Question: what do I mean by leading leg? (Ok, I had to look this up- I had an intuitive idea, but wasn’t able to verbalise why). The general consensus is that the leading leg is the one which sits closer to the tip of the needle. (Disclaimer: I’m not pitching this at complete beginners).

 

Fig 1: left hand knitting after a row of knitting:

 

The important thing to note here is that the leading leg of the stitch is at the back of the work(the tip of the needle is on the right), rather than the front. If you were to knit right handed after this, all the stitches would be twisted- hardly a deal breaker, but something to bear in mind. Also, the yarn would be at the other end…

(Right hand knitting after a row or knitting looks exactly the same as after a right hand row of purling, and so I’m not going to provide a picture of that)

Fig 2: left hand knitting after a row of purling (knit side):

 

 

This now has the leading leg at the front on the knit side, ready for the next knit row. (Bear in mind that the tip of the needle is on the left here).

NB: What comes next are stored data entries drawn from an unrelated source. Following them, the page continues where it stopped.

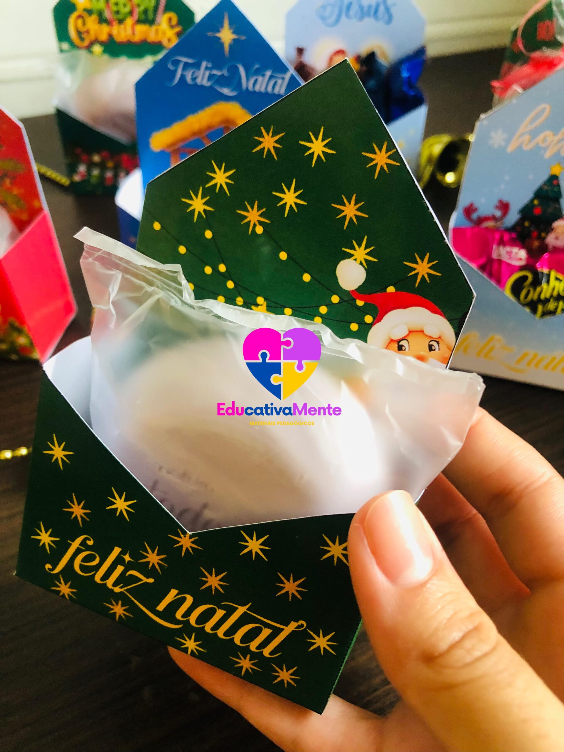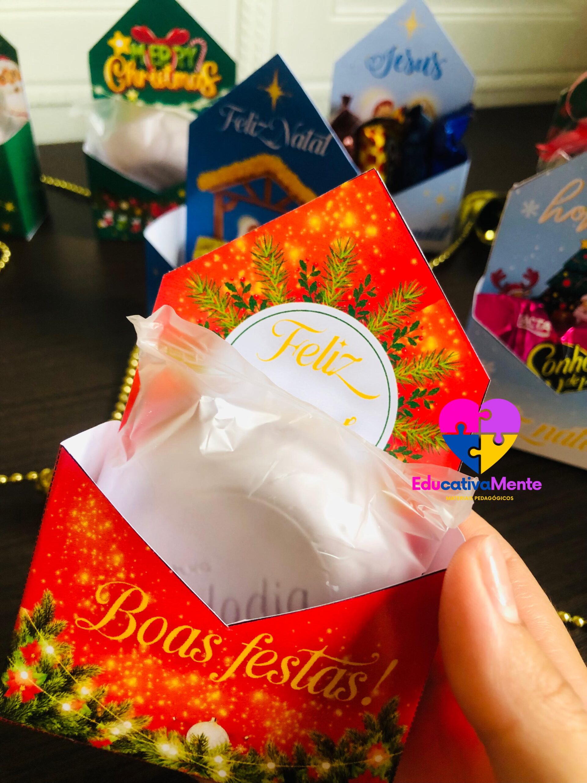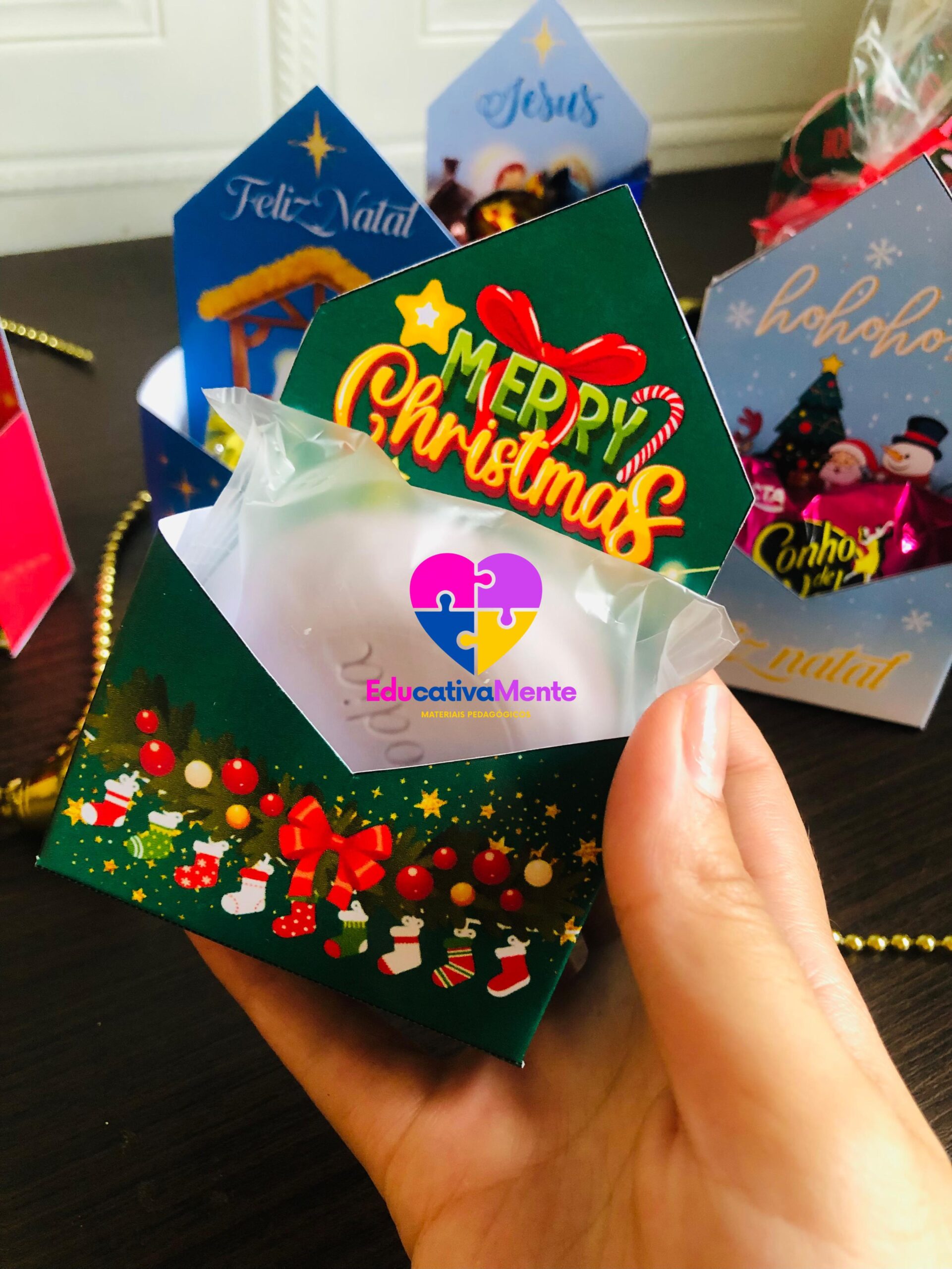 Com nosso PDF exclusivo, você terá acesso a 7 modelos únicos de caixinhas natalinas, incluindo uma versão especial em inglês. Cada página é um convite à criatividade, trazendo moldes prontos para imprimir, recortar e montar sem complicações.
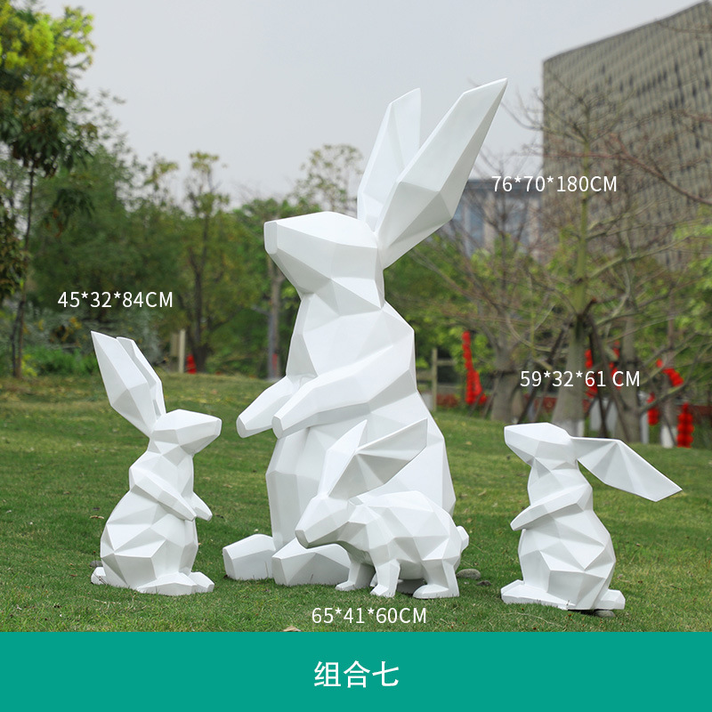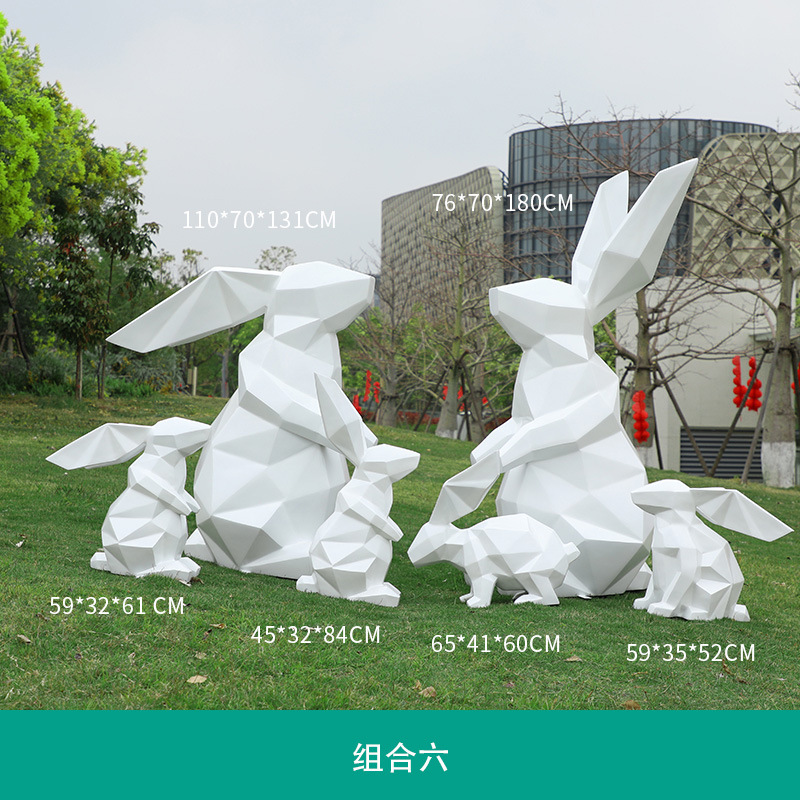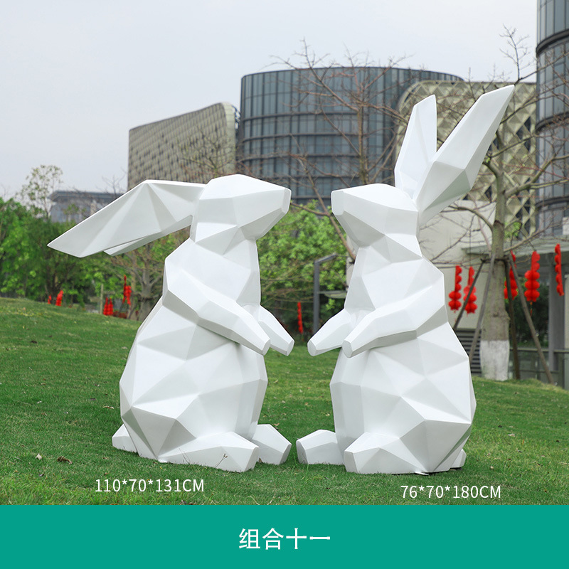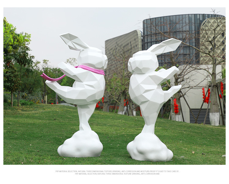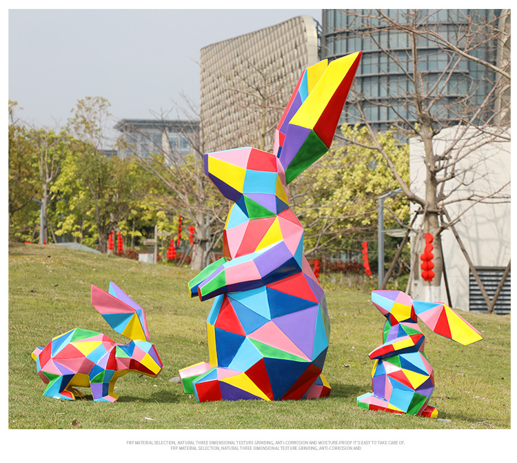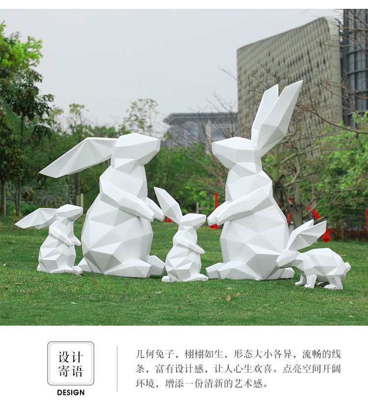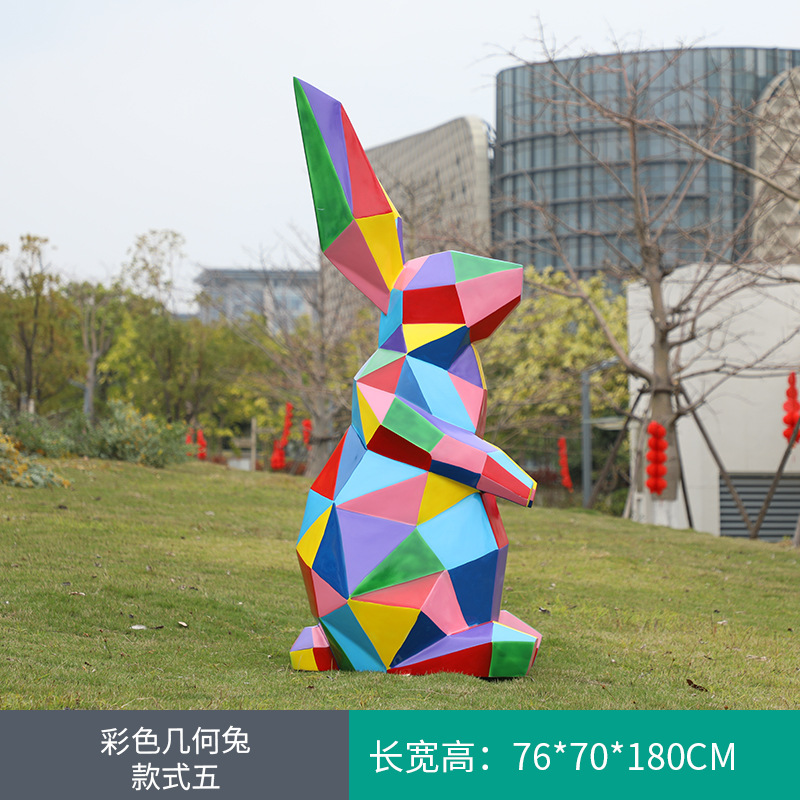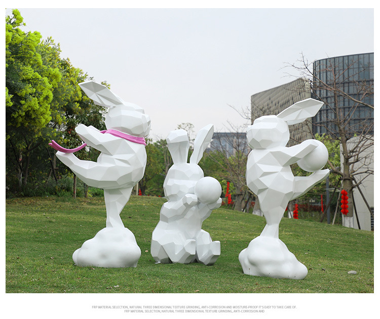 기하학적 토끼 조각 쇼핑몰 판매 사무실 공원 잔디 유리 섬유 강화 플라스틱 추상 동물 풍경 장식 장식품스토어 가기
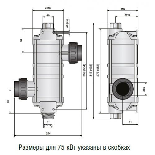 Максимальное рабочее давление: первичный контур - 5 бар, вторичный - 4 бар.
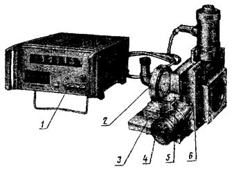1 - оптико-электронный преобразователь с блоком УЦП; 2 - зеркало в оправе; 3 - основание; 4 - микрометрический винт; 5 - неподвижная отрицательная линза; 6 - каретка с подвижной положительной линзой.
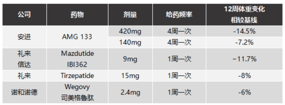 同样作为双靶点药物,GMA106也能同时调节GIPR和GLP-1R信号通路,对肥胖症、非酒精性脂肪肝和糖尿病均有治疗效果。与GMA106相同靶标、相同作用机理的AMG133(安进公司旗下管线)最新临床1期数据显示,使用药物治疗的肥胖患者在经过12周高剂量治疗后,体重与基线相较减少了14.5%,相较于同类产品减重效果更优。
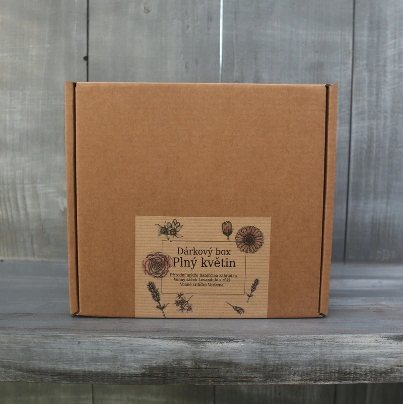 Dárkový box Plný květin obsahuje přírodní olejové mýdlo Babiččina zahrádka, přírodní vonné voskové srdíčko Verbena a vonný sáček Levandule s růží. Krabička je vyplněná dřevitou vlnou a opatřená ozdobnou etiketou.
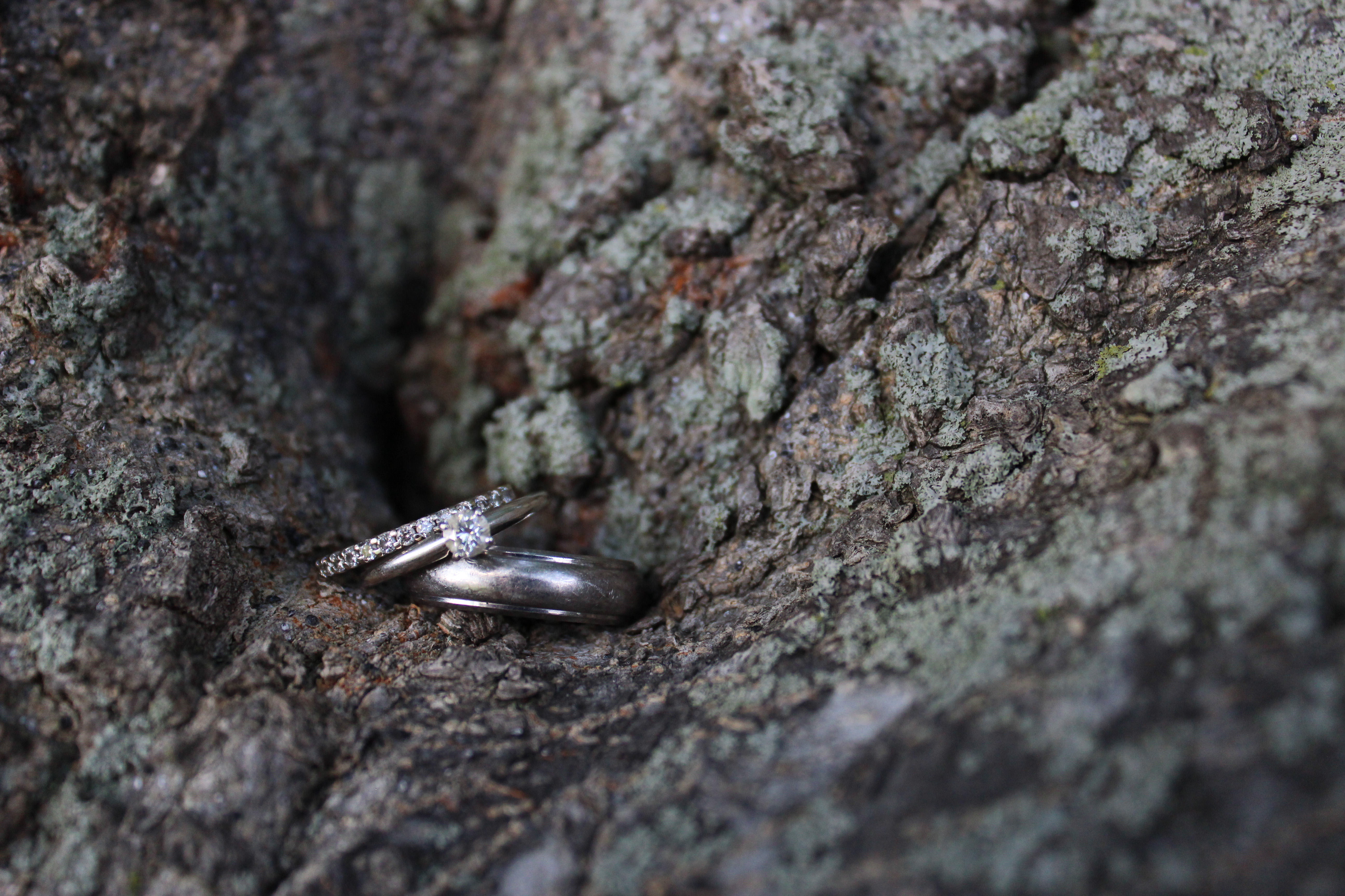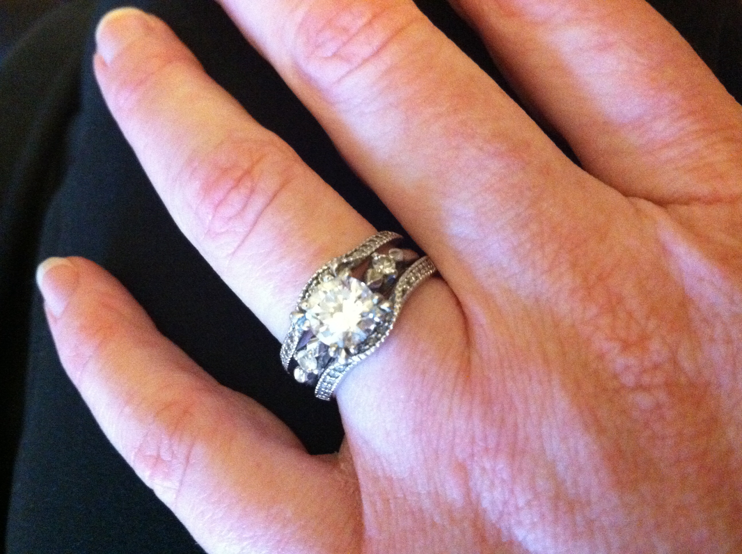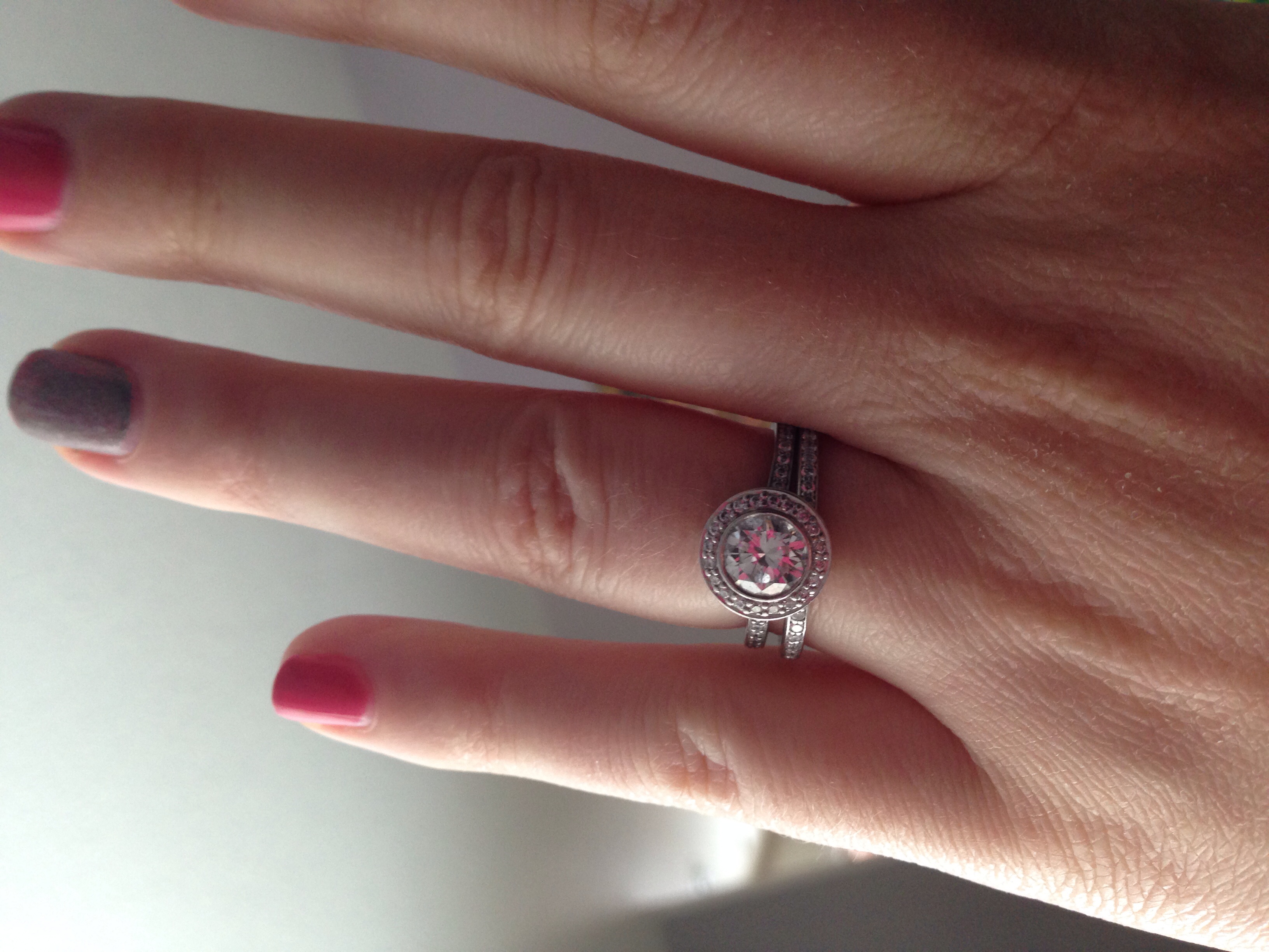 Here's a picture of just the engagement ring and then my husband's on top of mine. :) I usually wear the engagement and wedding band together. Since my hands are so swollen right now, I just ordered a slightly larger wood ring from Etsy from a different seller. It doesn't quite match, but it was ready to ship and I figure I can wear it on another finger later.

Note: in both these pictures, the yarn loops are facing the same direction. What is important here (but I couldn’t photgraph due to needing to be close enough to the yarn to see the direction of the loops) is where the tip of the needle is.

Either way, you ideally want the leading leg to be facing you, whichever end has the point of the knitting needle. Otherwise, all your stitches will be twisted. Second disclaimer: of course, you might be going for twisted stitches, and you can untwist them as you knit/purl, but that’s more awkward (most of the time).

Ok, so how to knit (and purl) left-handed? Flippant answer: copy someone knitting righthanded in a mirror. Everyone gives this advice when someone asks how to teach a left-handed person to knit. Either that, or to just teach them continental (as though putting the yarn in the left hand is all there is to it…)

Full disclosure: this is why I learnt to knit left-handed. I agreed to teach a left-hander to knit and want to do it properly. (Word of the year is still preparation 😉 )

So, knit stitch. Insert working needle (left needle) through the first stitch on the holder (right needle) away from you, wrap the yarn around the working needle by going under the needle towards the holder needle then over away from it (see picture). Pull the yarn through the stitch then push the stitch off the holder. Please note: this is exactly the same as the instructions for the knit stitch right-handed, just with the working needle and holder the other way around. This shouldn’t be a surprise to people, but I wanted to highlight it. Second note: the leading leg of the new stitch should be at the back of the work (the needle then gets turned around at the end of the row to bring the leading legs all to the front of the work).

 

And the purl stitch: insert the working needle towards you through the first stitch on the holder, wrap the yarn around the needle by going over the needle away from you then under the needle towards you (then over the needle away from you to get it back in place for the next stitch) (oh boy was that one hard to master!), pull the yarn through the stitch then pull the old stitch off the holder needle. Same tricks about this being the same as right handed purl and the trick about the leading leg still apply. As does the picture under this paragraph 🙂

So, now that I’ve talked about how to knit lefthanded- why? Well, for me it was originally so I could teach a lefty to knit. But I’m going to keep going with this technique- it’s fascinating to go back to being such a beginner! I had to go back to holding both needles in one hand to wrap the yarn in the beginning. I’m struggling with my purl gauge, and the idea of having to completely learn how to knit again, just because I’ve mixed my hands up is taking a bit of getting used to! However, I’ve recently been knitting so much (right handed) that my right arm is *very* unhappy with me, and learnign to knit lefthanded would be an excellent way to knit twice as much! On different projects- ooh, I wonder if my gauge left-handed will end up different to my gauge right-handed. That would be fascinating!!!! I also have this strange idea about knitting garter stitch with two colours, but one row of each colour. I’m not sure whether my idea will work, but I want to try 🙂 So many new ideas I have from doing this!